Exercise instructions ▸
Your output should be everything below from the line containing "White And Purple" down to the line containing "我が家の避難場所を確認する家族", both ends included, copied exactly, with pictures left out.

Segment Start: Records for this task

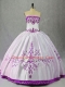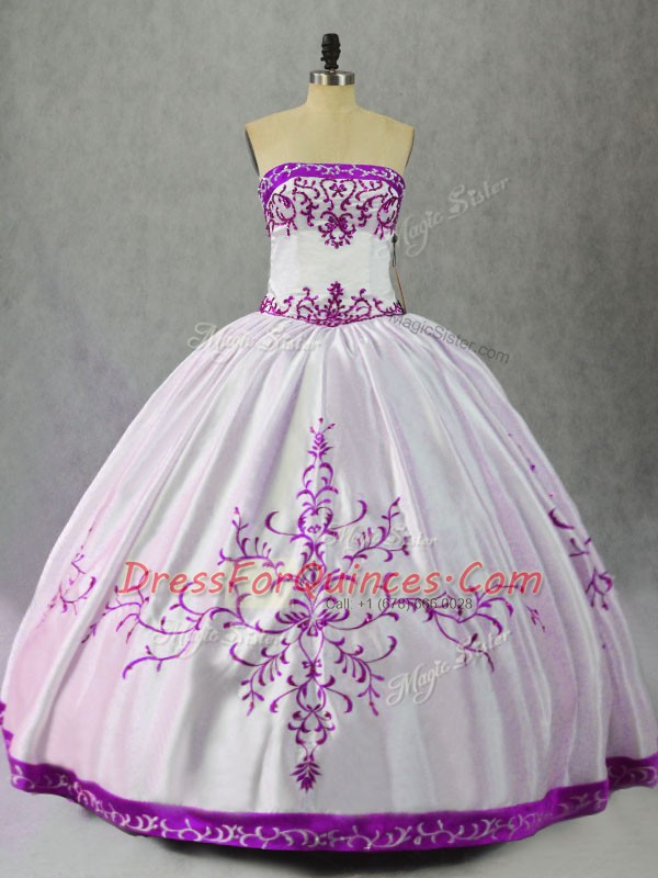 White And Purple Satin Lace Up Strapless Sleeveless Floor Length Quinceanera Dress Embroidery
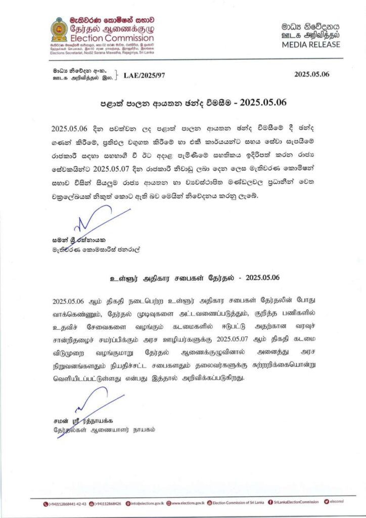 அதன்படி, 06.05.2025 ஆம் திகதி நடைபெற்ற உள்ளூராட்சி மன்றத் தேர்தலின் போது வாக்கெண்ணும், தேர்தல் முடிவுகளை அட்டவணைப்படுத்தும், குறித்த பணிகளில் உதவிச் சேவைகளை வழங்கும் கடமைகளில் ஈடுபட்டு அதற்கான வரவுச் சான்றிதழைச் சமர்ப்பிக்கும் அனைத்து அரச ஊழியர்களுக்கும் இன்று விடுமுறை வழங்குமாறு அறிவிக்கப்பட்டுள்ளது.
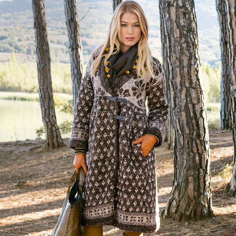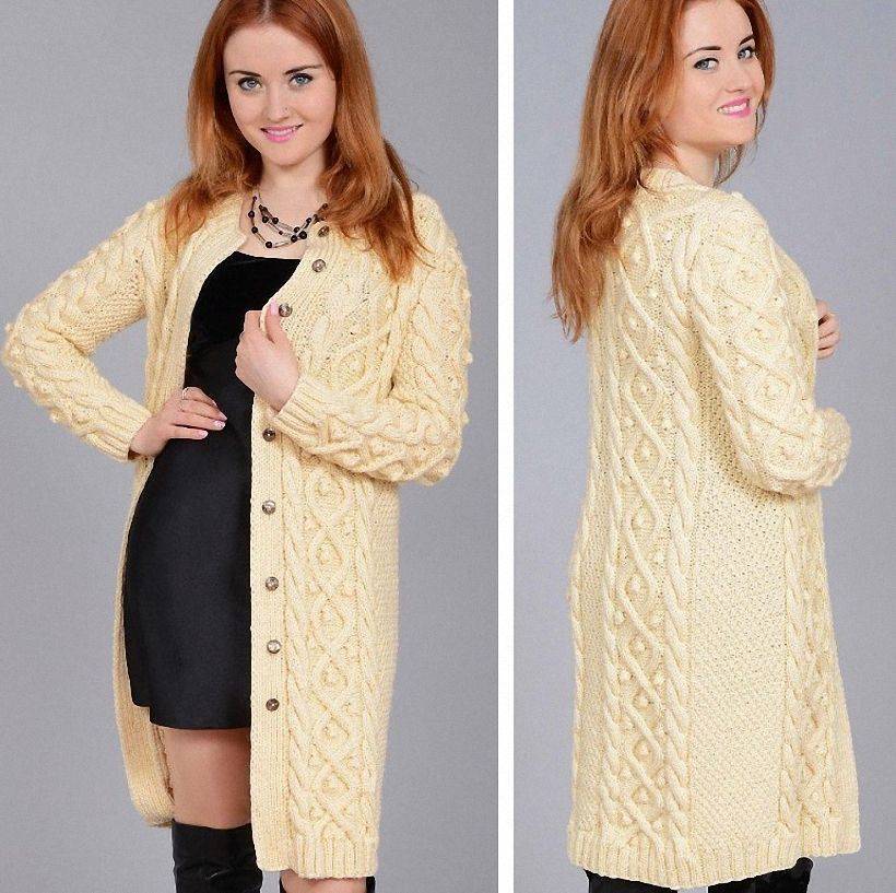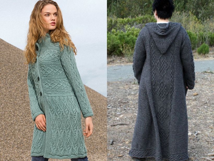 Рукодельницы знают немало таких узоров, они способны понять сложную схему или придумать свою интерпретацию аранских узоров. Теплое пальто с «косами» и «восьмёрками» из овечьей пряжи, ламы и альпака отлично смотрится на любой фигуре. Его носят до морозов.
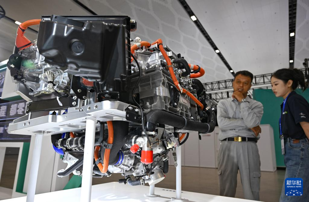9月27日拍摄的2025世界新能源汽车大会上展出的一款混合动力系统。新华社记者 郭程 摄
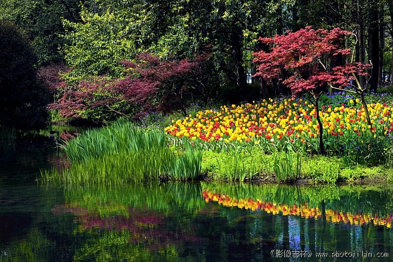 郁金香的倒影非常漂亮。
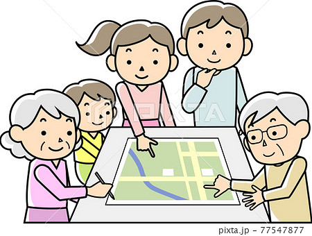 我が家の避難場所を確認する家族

Segment End: Records for this task
Segment Start: Records for this task

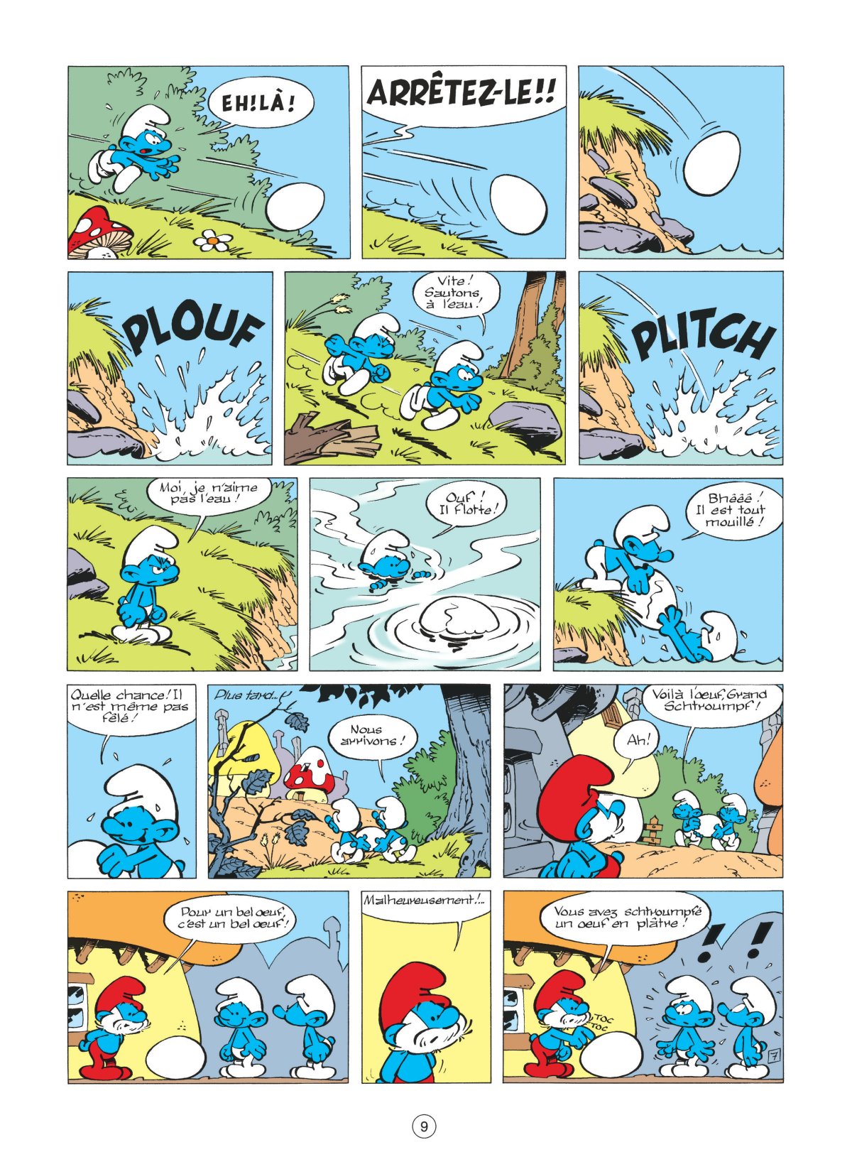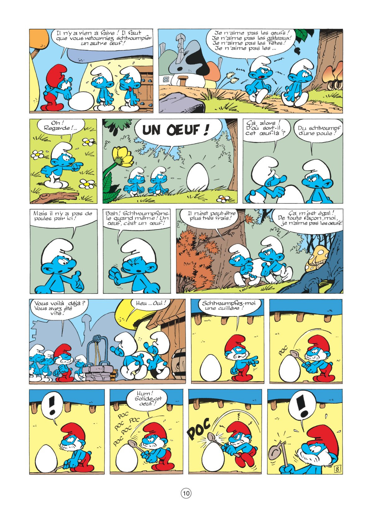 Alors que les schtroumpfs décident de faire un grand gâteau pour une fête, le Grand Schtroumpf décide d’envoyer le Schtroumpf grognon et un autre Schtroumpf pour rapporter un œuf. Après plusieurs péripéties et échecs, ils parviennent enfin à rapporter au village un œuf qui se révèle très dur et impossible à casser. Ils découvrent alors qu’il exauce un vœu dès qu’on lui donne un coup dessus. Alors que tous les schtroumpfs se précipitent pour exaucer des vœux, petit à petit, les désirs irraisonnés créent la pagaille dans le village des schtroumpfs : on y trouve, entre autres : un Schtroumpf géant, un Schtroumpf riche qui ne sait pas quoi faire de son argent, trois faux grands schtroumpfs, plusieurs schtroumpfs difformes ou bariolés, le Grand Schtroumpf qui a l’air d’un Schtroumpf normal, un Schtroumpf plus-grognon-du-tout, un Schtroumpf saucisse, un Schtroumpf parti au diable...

Segment End: Records for this task
Segment Start: Records for this task

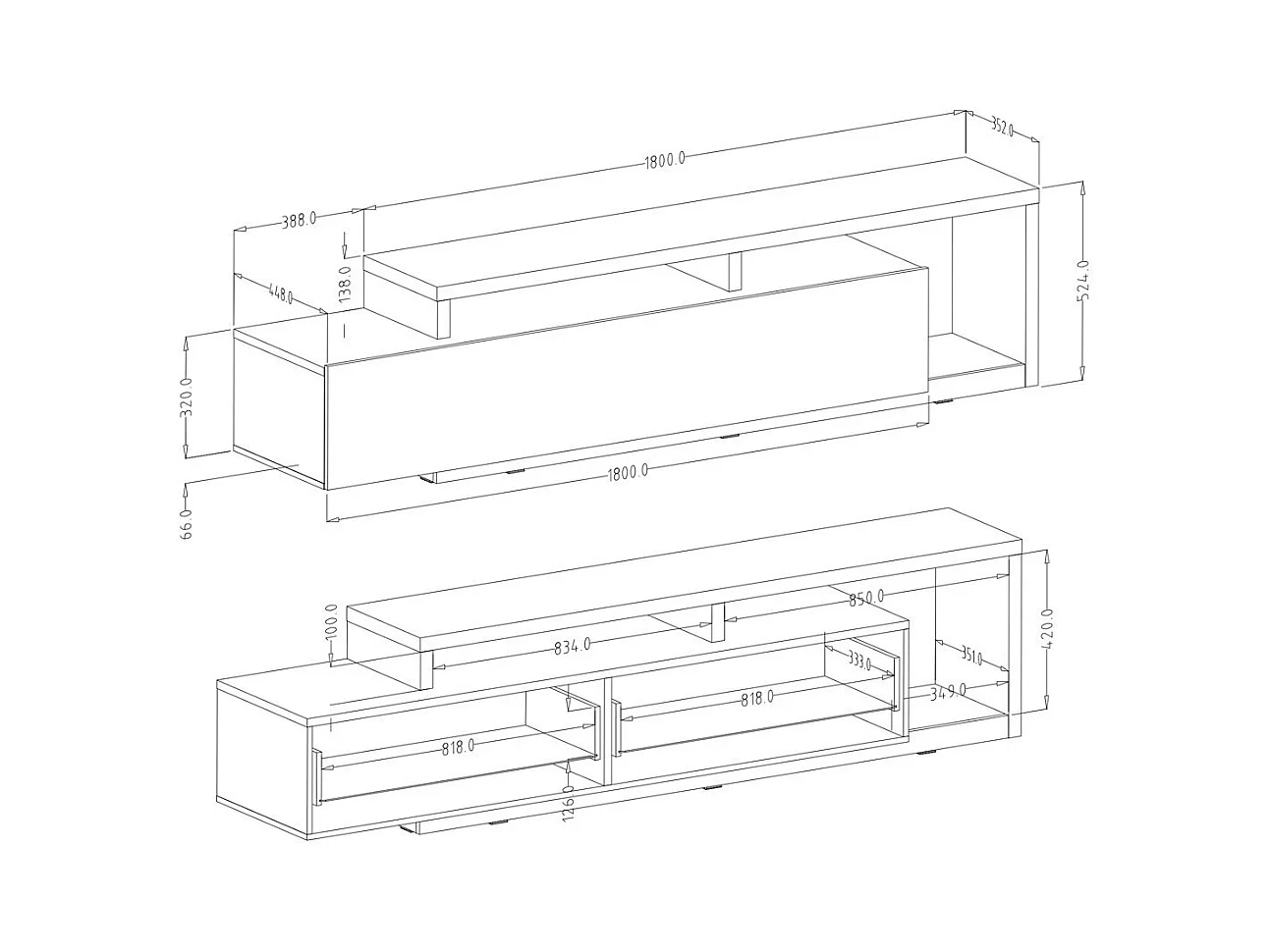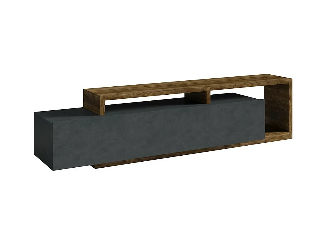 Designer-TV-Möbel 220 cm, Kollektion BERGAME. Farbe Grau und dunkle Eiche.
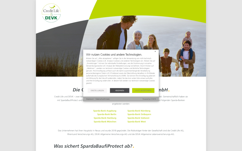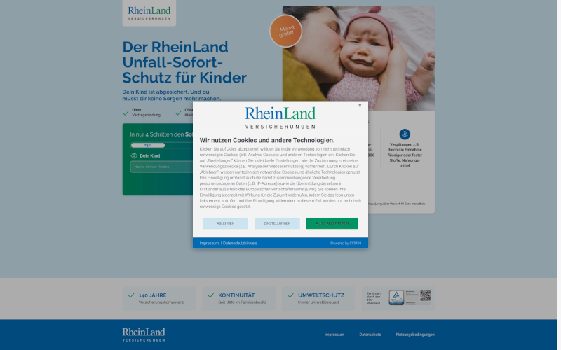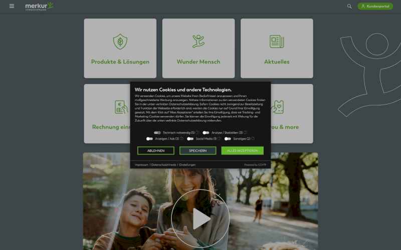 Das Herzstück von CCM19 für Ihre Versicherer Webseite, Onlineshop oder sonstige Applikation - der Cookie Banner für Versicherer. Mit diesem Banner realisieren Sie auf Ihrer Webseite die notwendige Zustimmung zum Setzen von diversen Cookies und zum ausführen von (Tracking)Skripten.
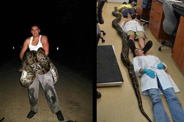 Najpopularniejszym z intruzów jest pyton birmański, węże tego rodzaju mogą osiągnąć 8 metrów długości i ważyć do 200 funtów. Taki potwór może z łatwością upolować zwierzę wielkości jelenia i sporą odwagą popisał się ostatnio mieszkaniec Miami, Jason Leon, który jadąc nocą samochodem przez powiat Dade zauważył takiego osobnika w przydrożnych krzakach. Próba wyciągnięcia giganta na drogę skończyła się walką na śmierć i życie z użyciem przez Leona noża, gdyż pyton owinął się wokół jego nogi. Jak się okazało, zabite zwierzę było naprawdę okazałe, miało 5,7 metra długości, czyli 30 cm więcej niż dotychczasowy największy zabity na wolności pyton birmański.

Segment End: Records for this task

Answer box ▸
 White And Purple Satin Lace Up Strapless Sleeveless Floor Length Quinceanera Dress Embroidery
 அதன்படி, 06.05.2025 ஆம் திகதி நடைபெற்ற உள்ளூராட்சி மன்றத் தேர்தலின் போது வாக்கெண்ணும், தேர்தல் முடிவுகளை அட்டவணைப்படுத்தும், குறித்த பணிகளில் உதவிச் சேவைகளை வழங்கும் கடமைகளில் ஈடுபட்டு அதற்கான வரவுச் சான்றிதழைச் சமர்ப்பிக்கும் அனைத்து அரச ஊழியர்களுக்கும் இன்று விடுமுறை வழங்குமாறு அறிவிக்கப்பட்டுள்ளது.
 Рукодельницы знают немало таких узоров, они способны понять сложную схему или придумать свою интерпретацию аранских узоров. Теплое пальто с «косами» и «восьмёрками» из овечьей пряжи, ламы и альпака отлично смотрится на любой фигуре. Его носят до морозов.
9月27日拍摄的2025世界新能源汽车大会上展出的一款混合动力系统。新华社记者 郭程 摄
 郁金香的倒影非常漂亮。
 我が家の避難場所を確認する家族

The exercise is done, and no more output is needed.